Besides the confusion matrices, overall error metrics have been computed and detailed in

Table 4. Overview of the overall accuracies for unestablished and established regeneration. Subtable (a) measures the mean error as number of classes. Subtable (b) relates to the same assessment but expresses the error as percentage ground cover, calculated from the ground cover values at the class centres. GC = ground cover.

(a) Results for classes
Type of Regeneration	Mean Bias Error [Classes]	Mean Absolute Error [Classes]
Unestablished	−0.02	0.27
Established	0.75	1.11
(b) Results for percentage GC [%]
Type of Regeneration	Mean Bias Error [%]	Mean Absolute Error [%]
Unestablished	−0.36	2.23
Established	5.22	8.08

. Table 4a shows the overall values measured in number of classes and Table 4b the values measured in percentage at the class centres. Both tables contain the MBE and the MAE for established and unestablished regeneration.

5. Discussion

The described method allows the quantification of forest regeneration using TLS data. In comparison to airborne data, TLS data can capture understory trees more accurately and completely. The high point density in combination with the specific processing framework were able to differentiate two types of regeneration, even in dense forest constellations. In order to allow practical applicability, the design of the method was oriented on practices of the Swiss NFI. The plot-based data sets, the definition of regeneration types as well as the classes of ground cover were similar to those used by field-based forest inventory. The range and the gradation of the classes proved to minimize field estimation errors during long-term use by foresters. However, field-based visual estimation of regeneration ground cover, is generally prone for inaccuracies. Since the available reference data consisted of such estimations, potential deviations from the true values must be considered when interpreting the results.

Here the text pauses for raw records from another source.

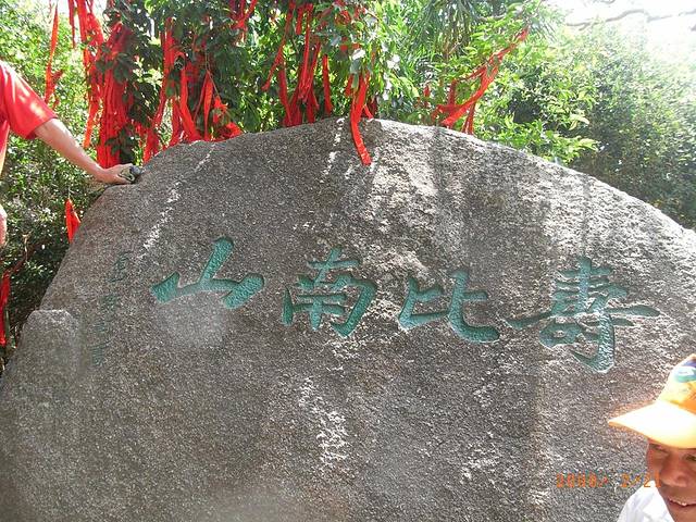 此“寿”字为陈抟所书,高2.15米,陈抟,字图南,自号扶摇子,今安徽亳州人,是中国道教史上著名的神仙道士,史称“陈抟老祖”。有《无极图》、《先天图》、《指玄篇》等著作存世,对北宋影响很大。陈抟善书五尺大字,此“寿”字由“人”、“寿”、“年”、“丰”四字构成。在此昭立。喻意寿比南山。
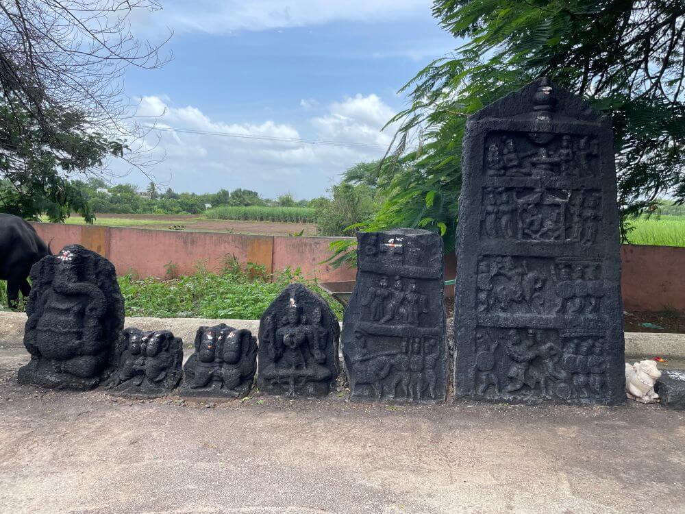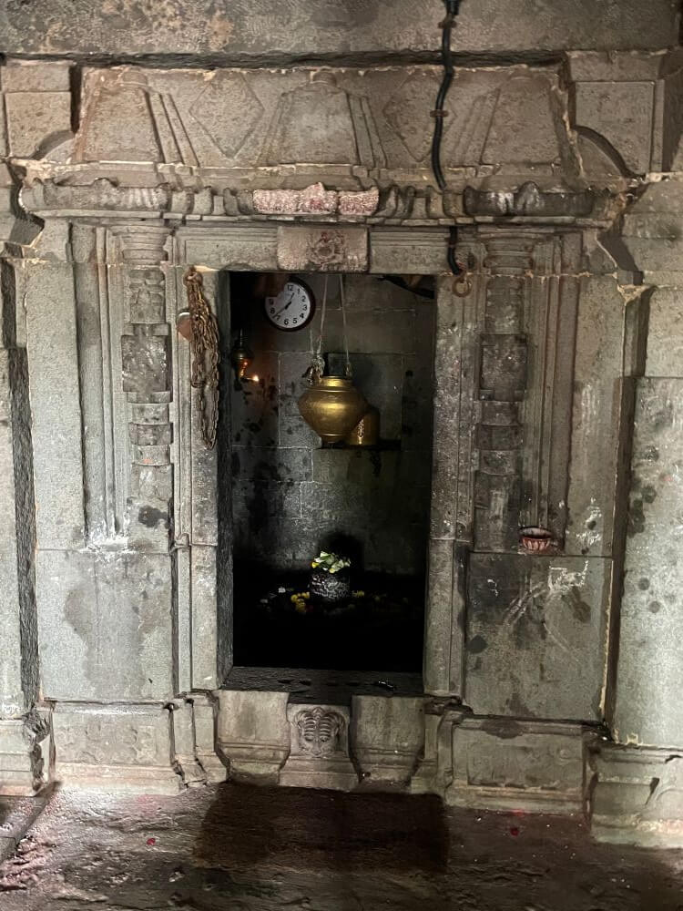 गर्भगृहांच्या द्वारशाखांवर पाना फुलांच्या नक्षी ललाटबिंबांवर गणपतीच्या मूर्ती आहेत. मंदारकावर कीर्तीमुखे आहेत. सर्व गर्भगृहात जमिनीवर मध्यभागी शिवपिंडी त्यावर छत्र धरलेले पितळी नाग आहेत. काही गर्भगृहांत मागील भिंतीलगत पार्वतीच्या प्राचीन मूर्ती नागशिळा आहेत. मुख्य गर्भगृहाच्या छतावर शंकू आकाराचे शिखर आहे. शिखराच्या शीर्षभागी एकावर एक असे दोन आमलक त्यावर कळस आहे. मंदिराच्या शेजारी विठ्ठल रखुमाई यांचे लहान मंदिर आहे. त्यात वज्रपिठावरील विठ्ठल रखुमाई यांच्या मूर्तींच्या दोन्ही बाजूला संत ज्ञानेश्वर तुकाराम महाराज यांच्या मूर्ती आहेत. या मंदिराच्या बाजूला दत्तात्रेयांचे मंदिर आहे. मंदिराच्या प्रांगणात एका चौथऱ्यावर प्राचीन विरगळ सतीशिळा आहेत.
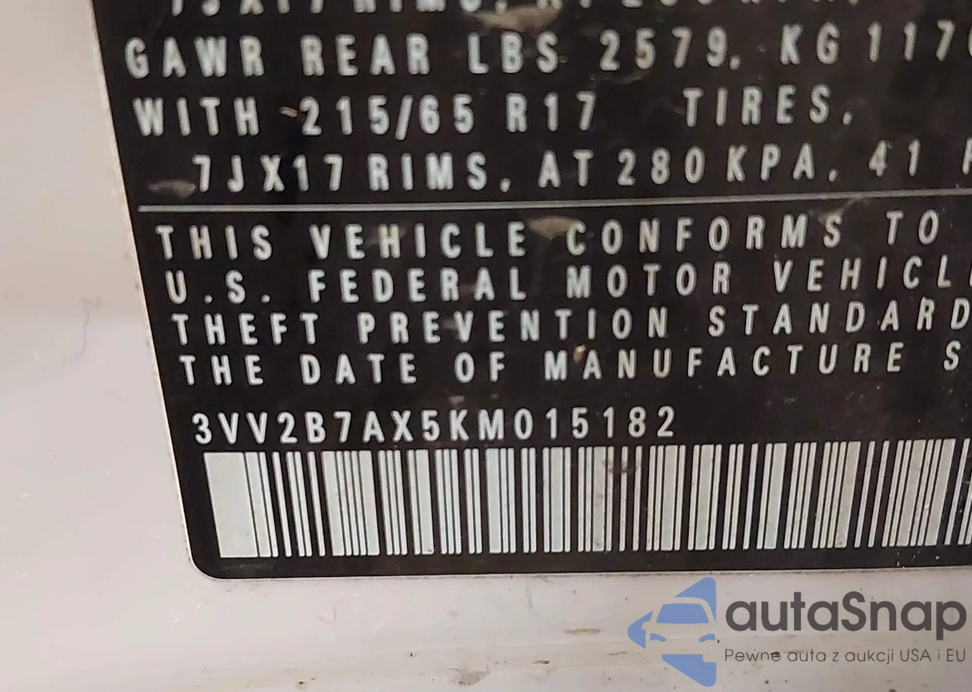 3VV2B7AX5KM015182 IAAI
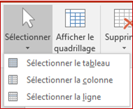 - Dans l'onglet Outils du tableau – Mise en page, cliquer sur le bouton Sélectionner puis Sélectionner la colonne
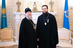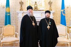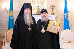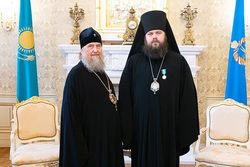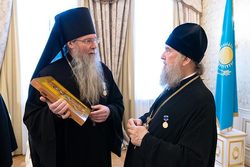 На память о визите в Казахстан и участии в значимом церковном праздновании Глава Митрополичьего округа удостоил архипастырей юбилейных медалей «150 лет Туркестанской епархии».
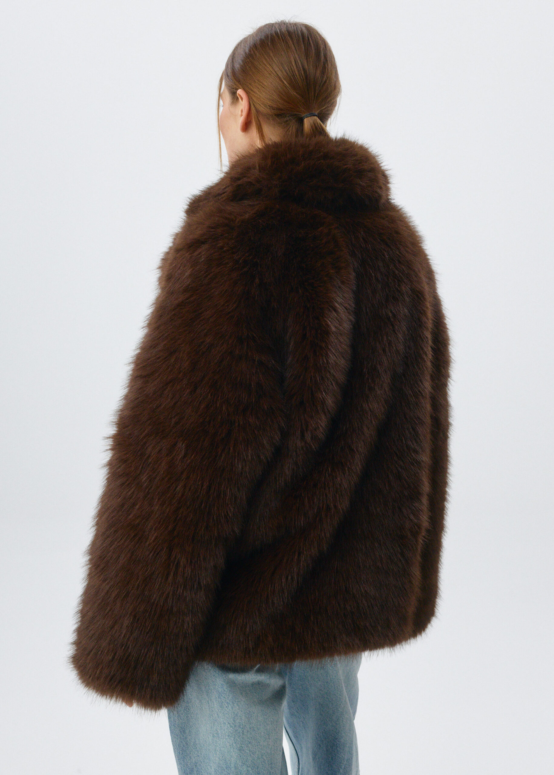 Шуба выполнена из мягкого искусственного меха. Свободный прямой крой со спущенным плечом и длинными рукавами. Отложной воротник с лацканами, застёжка на металлические крючки, прорезные карманы. Утеплитель из синтепона и стёганая подкладка. Рекомендованный температурный режим: от 0 до −5 градусов.
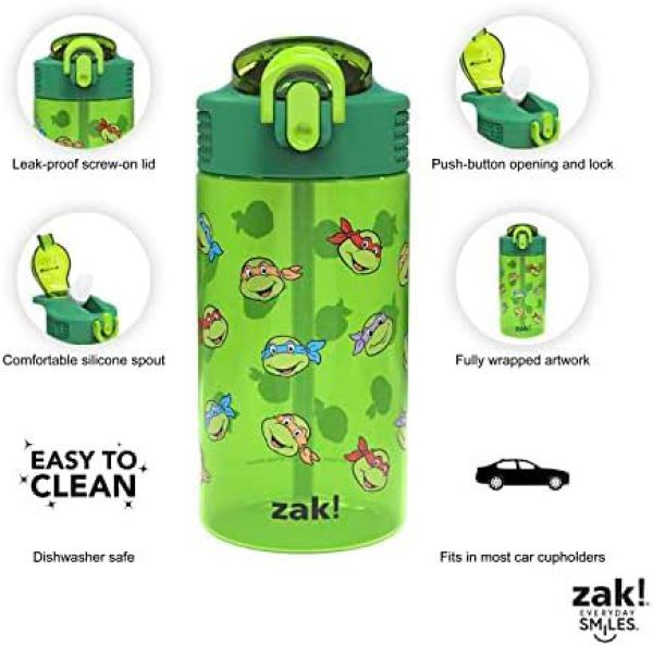 zak! designs Zak Designs 忍者神龟儿童水瓶,适合学校或旅行,16 盎司(约 453.6 克)2 件装耐用塑料水瓶,带吸

5.1. Methodological Approach

The overall processing framework was constructed as a specific combination of individual submethods. The submethods were based on previously published studies which were developed using TLS data from the same field campaign but with a different set of sample plots [30,31,32]. From all methods, the detection of the tree stems played a key role, since the stems were subsequently used in the workflow for DBH estimation and as priors for single-tree isolation. An important characteristic of the stem detection is the volumetric approach, which extracts 3D stem objects directly from the image. The derived stem objects only consisted of the scanned parts of the stems and modelling of occluded parts was avoided. This restriction allows accurate DBH estimation and supports the 3D segmentation of tree objects even in difficult scenarios. The most complex component of the processing framework was the single-tree segmentation which is a composition of methods itself. It combines several techniques into an effective machine learning workflow. All components of this workflow were adapted and improved for usage with high TLS point densities and for 3D structures. The main concepts for single-tree segmentation were based on graph theory, spectral learning and Markov random fields. Each of the submethods of the overall framework was used with the same parameter values as described in the original publications. The parameters were determined empirically and used constantly for all plots.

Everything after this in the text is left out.